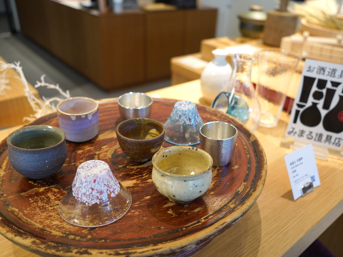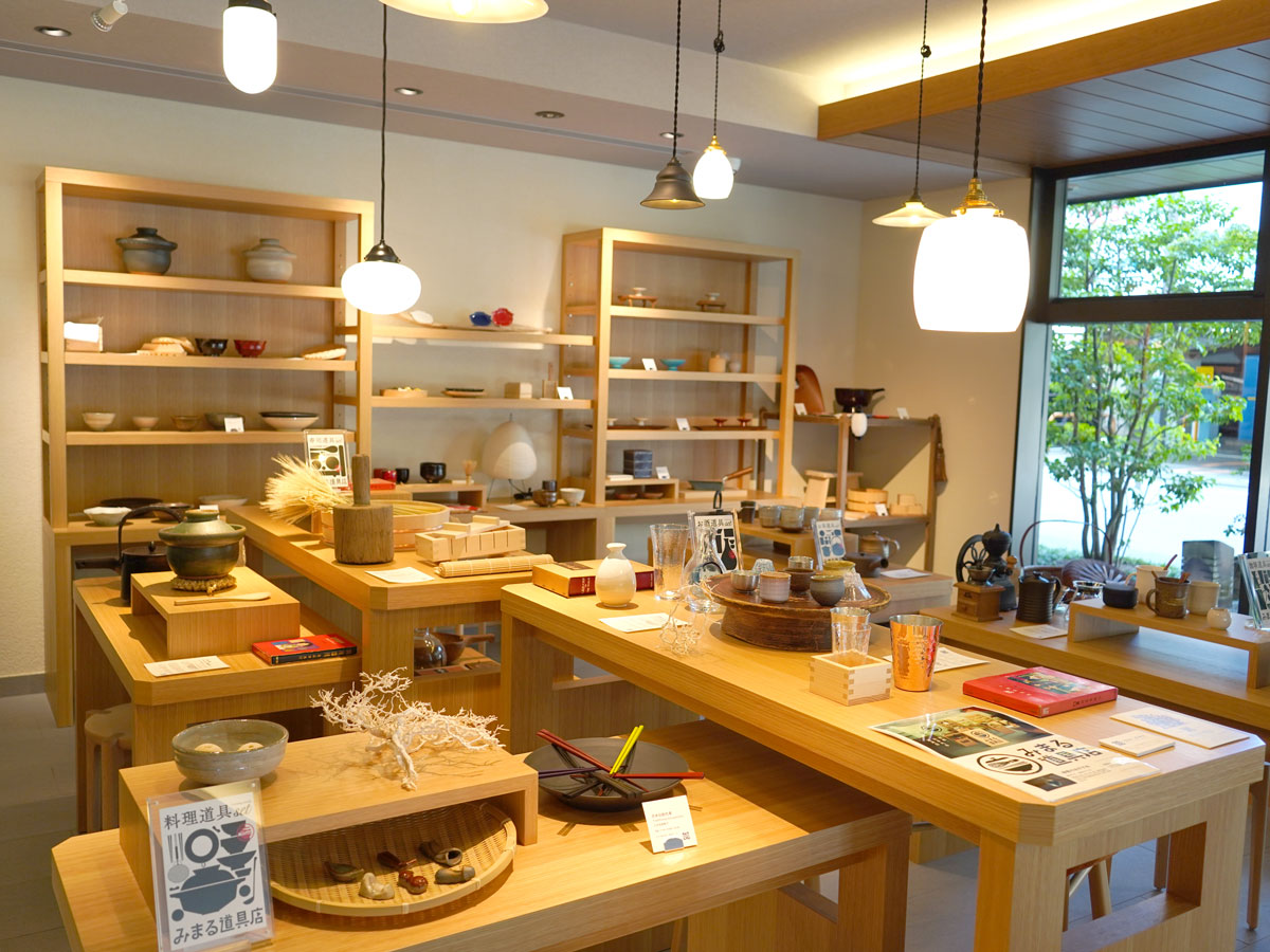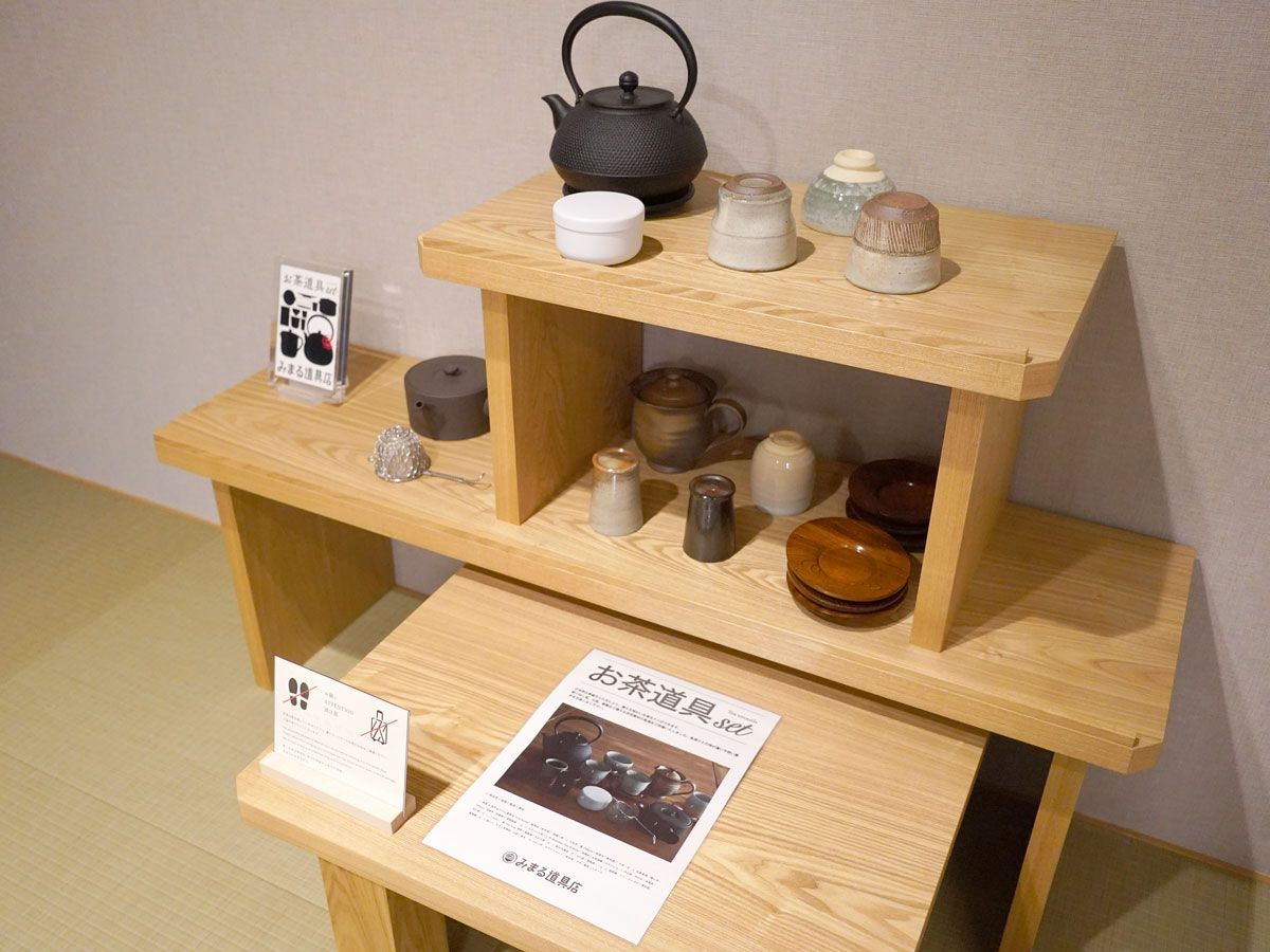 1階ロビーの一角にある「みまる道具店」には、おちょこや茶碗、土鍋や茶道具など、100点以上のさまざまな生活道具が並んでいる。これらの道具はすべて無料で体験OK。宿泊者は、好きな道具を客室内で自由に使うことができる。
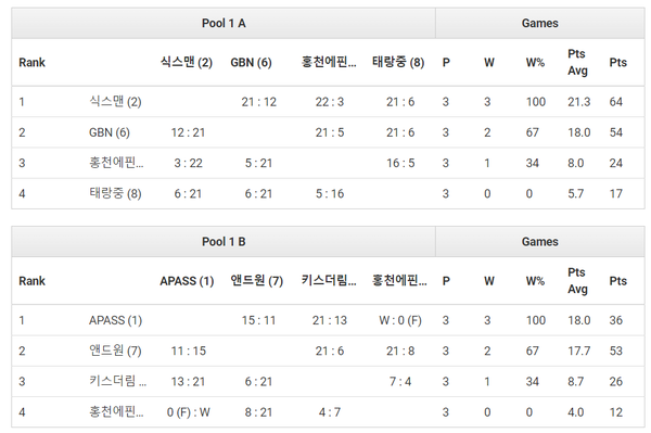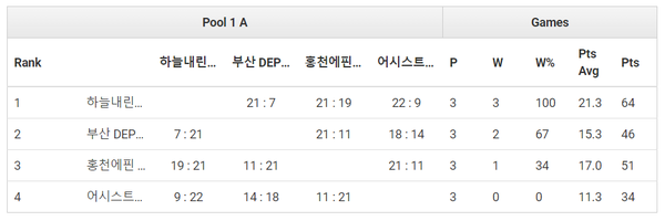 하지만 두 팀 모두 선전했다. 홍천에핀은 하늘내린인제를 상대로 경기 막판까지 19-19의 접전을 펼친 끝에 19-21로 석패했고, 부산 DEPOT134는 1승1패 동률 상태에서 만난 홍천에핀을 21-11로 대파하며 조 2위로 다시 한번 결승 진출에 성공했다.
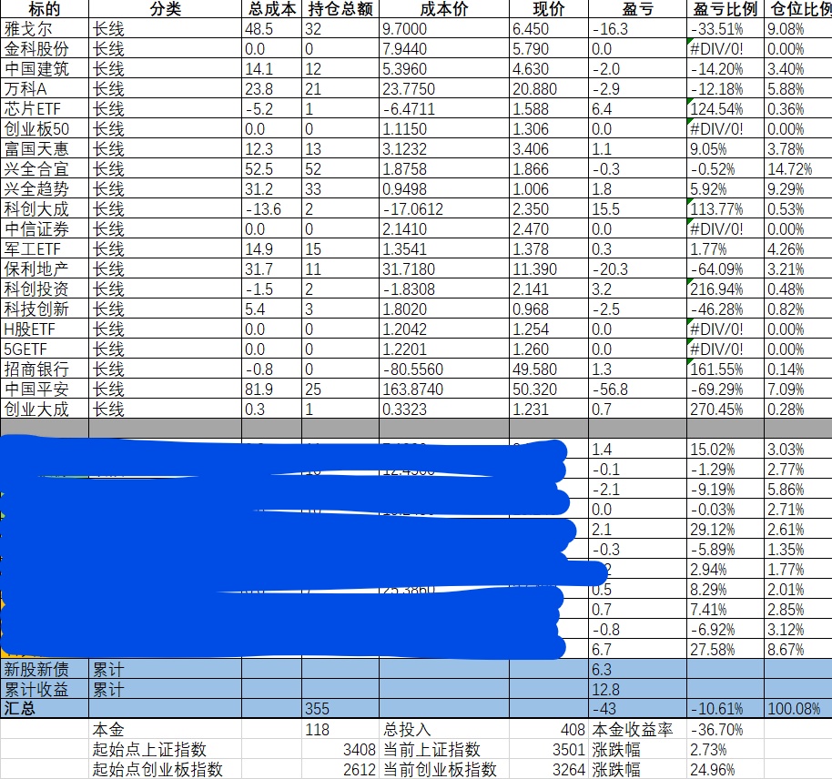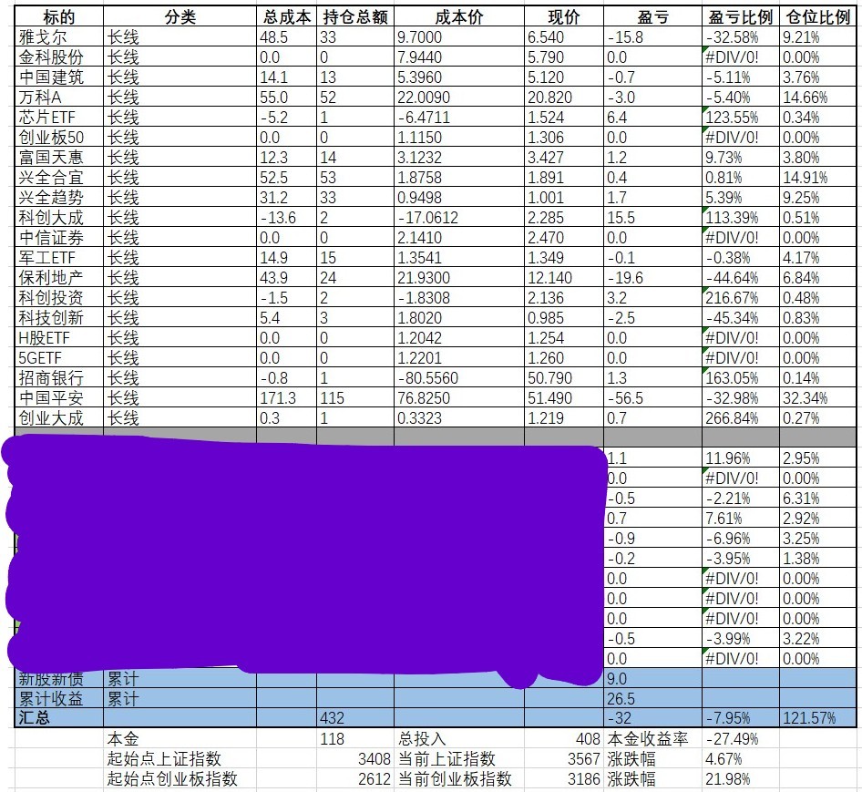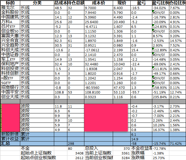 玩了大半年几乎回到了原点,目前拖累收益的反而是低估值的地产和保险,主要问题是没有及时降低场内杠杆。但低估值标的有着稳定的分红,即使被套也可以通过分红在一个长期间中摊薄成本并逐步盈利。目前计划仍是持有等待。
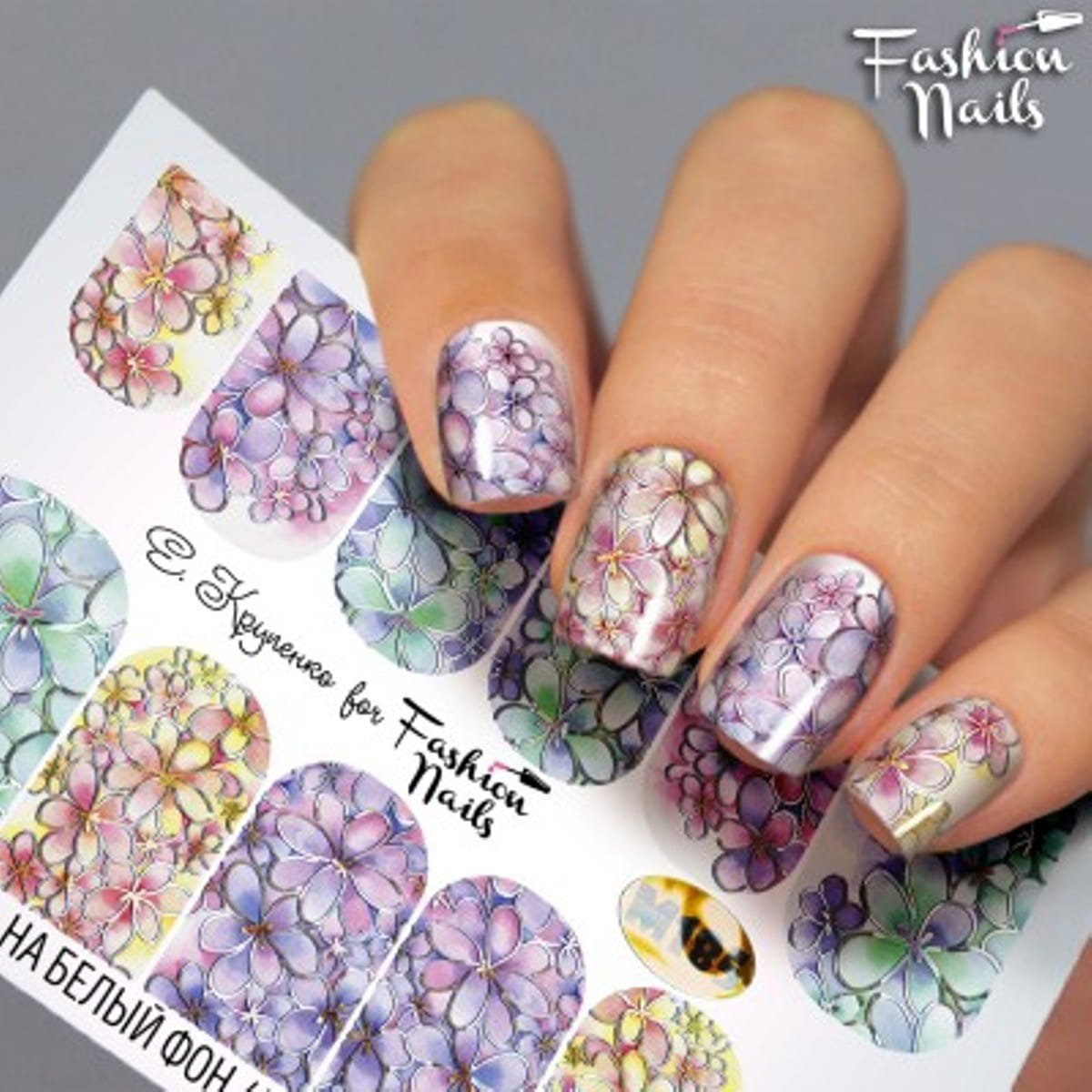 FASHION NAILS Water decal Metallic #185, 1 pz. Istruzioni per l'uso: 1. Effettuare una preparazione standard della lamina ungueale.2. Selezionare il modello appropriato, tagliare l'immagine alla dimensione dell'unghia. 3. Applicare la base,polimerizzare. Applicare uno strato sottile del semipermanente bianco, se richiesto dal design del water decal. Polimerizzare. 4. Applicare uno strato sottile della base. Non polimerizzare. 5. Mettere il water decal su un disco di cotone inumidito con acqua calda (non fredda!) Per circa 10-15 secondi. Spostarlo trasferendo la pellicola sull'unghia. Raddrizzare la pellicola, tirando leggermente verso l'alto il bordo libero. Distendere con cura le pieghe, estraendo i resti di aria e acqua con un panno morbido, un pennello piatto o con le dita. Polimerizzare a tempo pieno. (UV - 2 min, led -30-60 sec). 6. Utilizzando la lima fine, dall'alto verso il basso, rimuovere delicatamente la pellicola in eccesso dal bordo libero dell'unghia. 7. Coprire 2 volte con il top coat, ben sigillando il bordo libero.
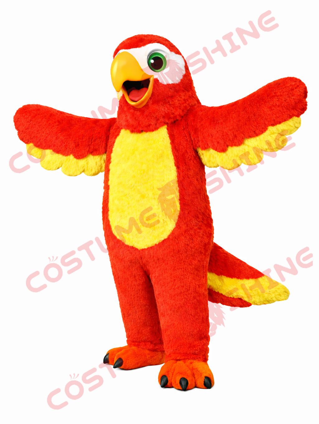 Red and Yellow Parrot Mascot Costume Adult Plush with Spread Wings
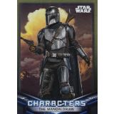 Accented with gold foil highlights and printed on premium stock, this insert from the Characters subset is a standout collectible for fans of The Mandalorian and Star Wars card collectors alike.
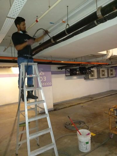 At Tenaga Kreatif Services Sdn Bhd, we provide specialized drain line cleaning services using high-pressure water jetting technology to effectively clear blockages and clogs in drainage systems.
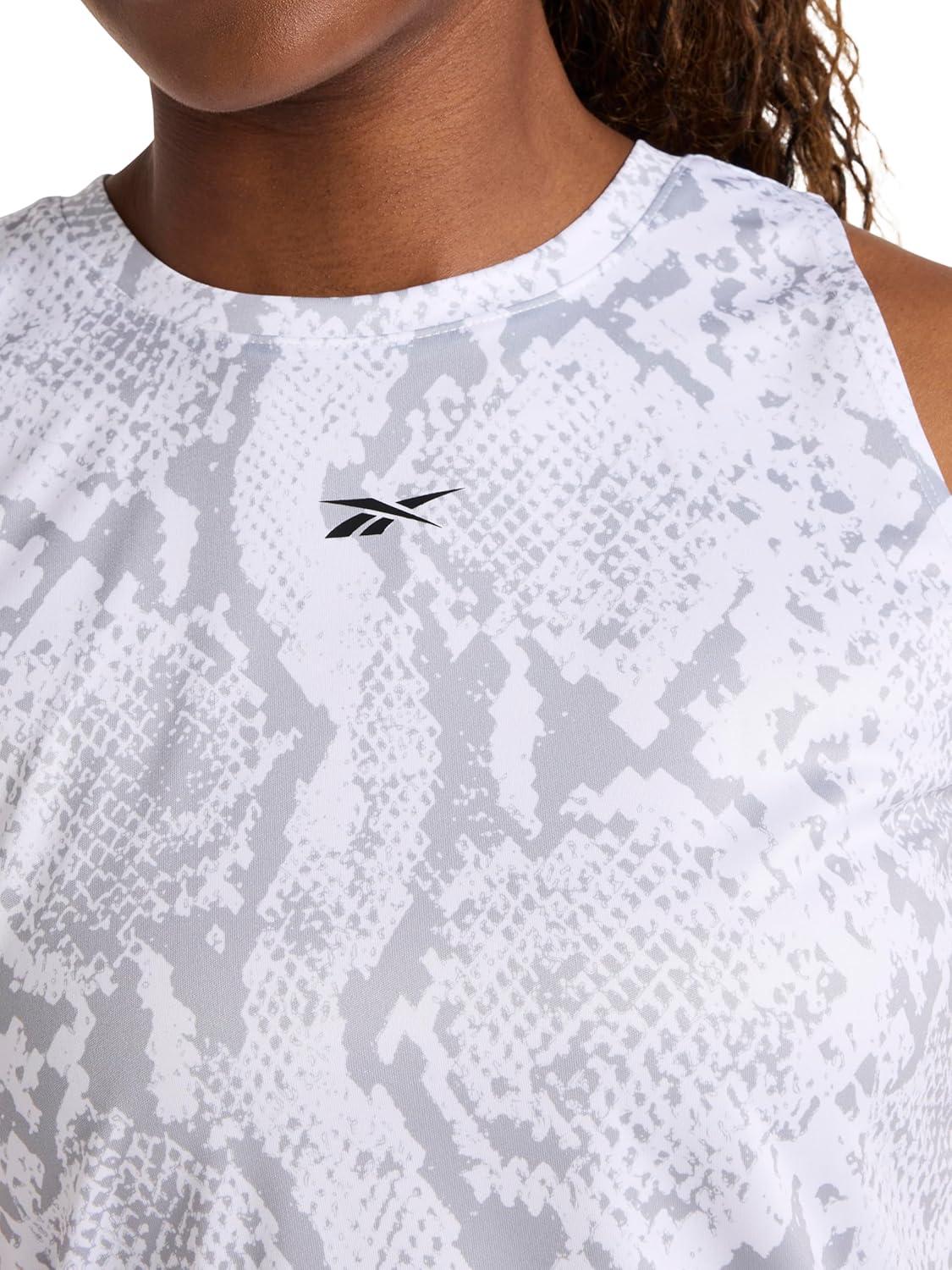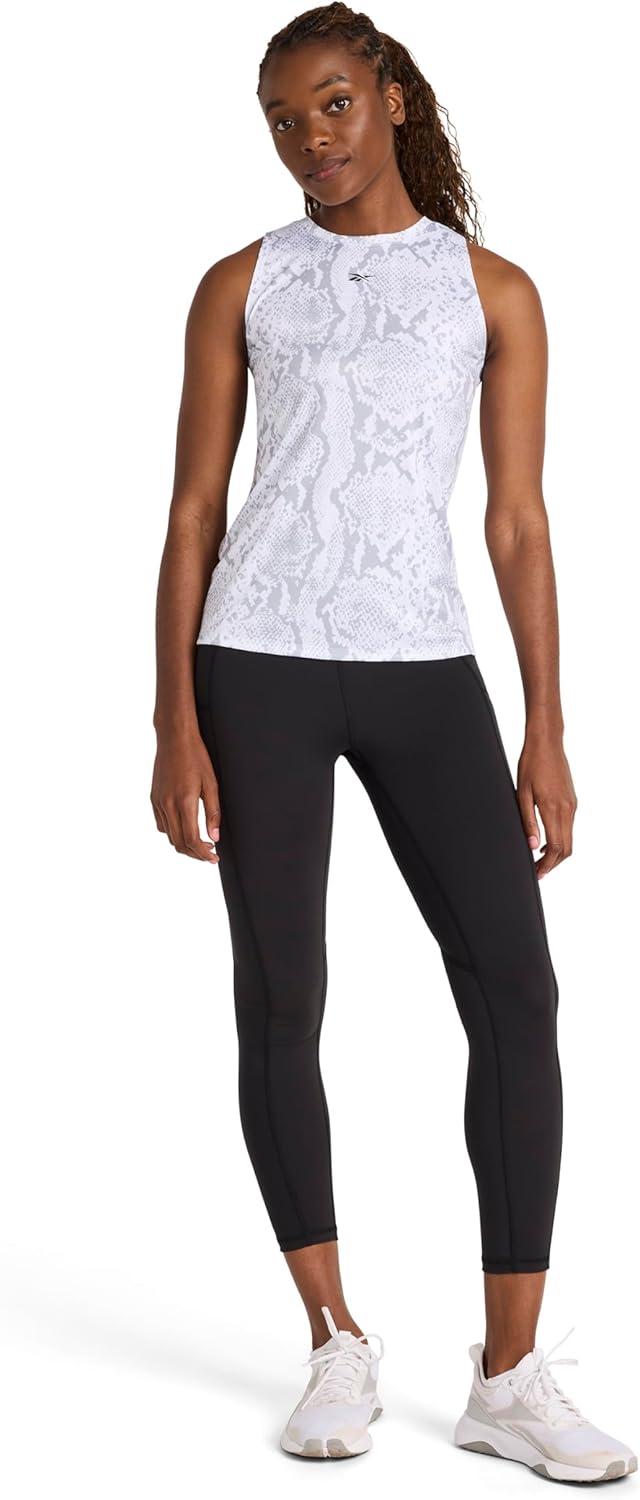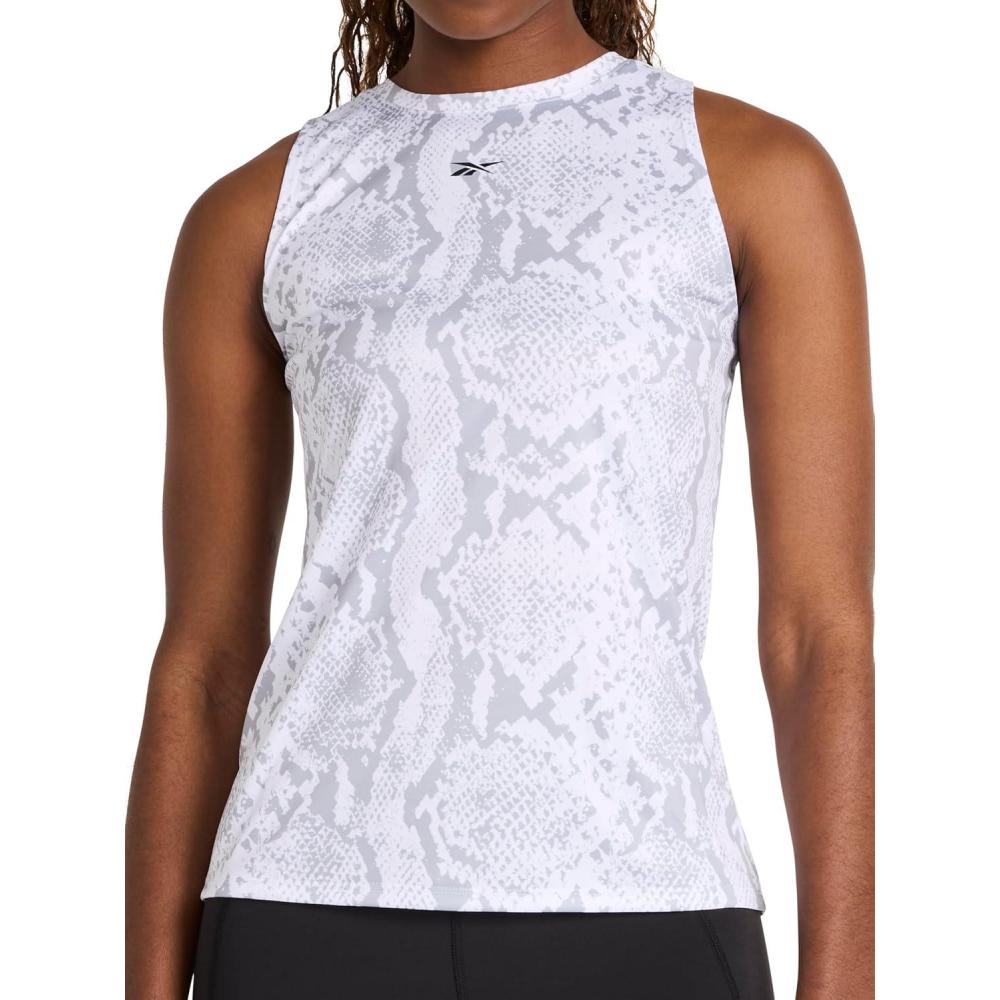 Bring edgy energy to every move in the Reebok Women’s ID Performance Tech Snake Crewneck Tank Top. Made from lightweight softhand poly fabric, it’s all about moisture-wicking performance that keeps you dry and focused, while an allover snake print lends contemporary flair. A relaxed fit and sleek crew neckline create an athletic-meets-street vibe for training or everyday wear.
=-=-=
Exercise directions:
Please restate the data word for word, leaving out any picture it holds.

Response area:
 1階ロビーの一角にある「みまる道具店」には、おちょこや茶碗、土鍋や茶道具など、100点以上のさまざまな生活道具が並んでいる。これらの道具はすべて無料で体験OK。宿泊者は、好きな道具を客室内で自由に使うことができる。
 하지만 두 팀 모두 선전했다. 홍천에핀은 하늘내린인제를 상대로 경기 막판까지 19-19의 접전을 펼친 끝에 19-21로 석패했고, 부산 DEPOT134는 1승1패 동률 상태에서 만난 홍천에핀을 21-11로 대파하며 조 2위로 다시 한번 결승 진출에 성공했다.
 玩了大半年几乎回到了原点,目前拖累收益的反而是低估值的地产和保险,主要问题是没有及时降低场内杠杆。但低估值标的有着稳定的分红,即使被套也可以通过分红在一个长期间中摊薄成本并逐步盈利。目前计划仍是持有等待。
 FASHION NAILS Water decal Metallic #185, 1 pz. Istruzioni per l'uso: 1. Effettuare una preparazione standard della lamina ungueale.2. Selezionare il modello appropriato, tagliare l'immagine alla dimensione dell'unghia. 3. Applicare la base,polimerizzare. Applicare uno strato sottile del semipermanente bianco, se richiesto dal design del water decal. Polimerizzare. 4. Applicare uno strato sottile della base. Non polimerizzare. 5. Mettere il water decal su un disco di cotone inumidito con acqua calda (non fredda!) Per circa 10-15 secondi. Spostarlo trasferendo la pellicola sull'unghia. Raddrizzare la pellicola, tirando leggermente verso l'alto il bordo libero. Distendere con cura le pieghe, estraendo i resti di aria e acqua con un panno morbido, un pennello piatto o con le dita. Polimerizzare a tempo pieno. (UV - 2 min, led -30-60 sec). 6. Utilizzando la lima fine, dall'alto verso il basso, rimuovere delicatamente la pellicola in eccesso dal bordo libero dell'unghia. 7. Coprire 2 volte con il top coat, ben sigillando il bordo libero.
 Red and Yellow Parrot Mascot Costume Adult Plush with Spread Wings
 Accented with gold foil highlights and printed on premium stock, this insert from the Characters subset is a standout collectible for fans of The Mandalorian and Star Wars card collectors alike.
 At Tenaga Kreatif Services Sdn Bhd, we provide specialized drain line cleaning services using high-pressure water jetting technology to effectively clear blockages and clogs in drainage systems.
 Bring edgy energy to every move in the Reebok Women’s ID Performance Tech Snake Crewneck Tank Top. Made from lightweight softhand poly fabric, it’s all about moisture-wicking performance that keeps you dry and focused, while an allover snake print lends contemporary flair. A relaxed fit and sleek crew neckline create an athletic-meets-street vibe for training or everyday wear.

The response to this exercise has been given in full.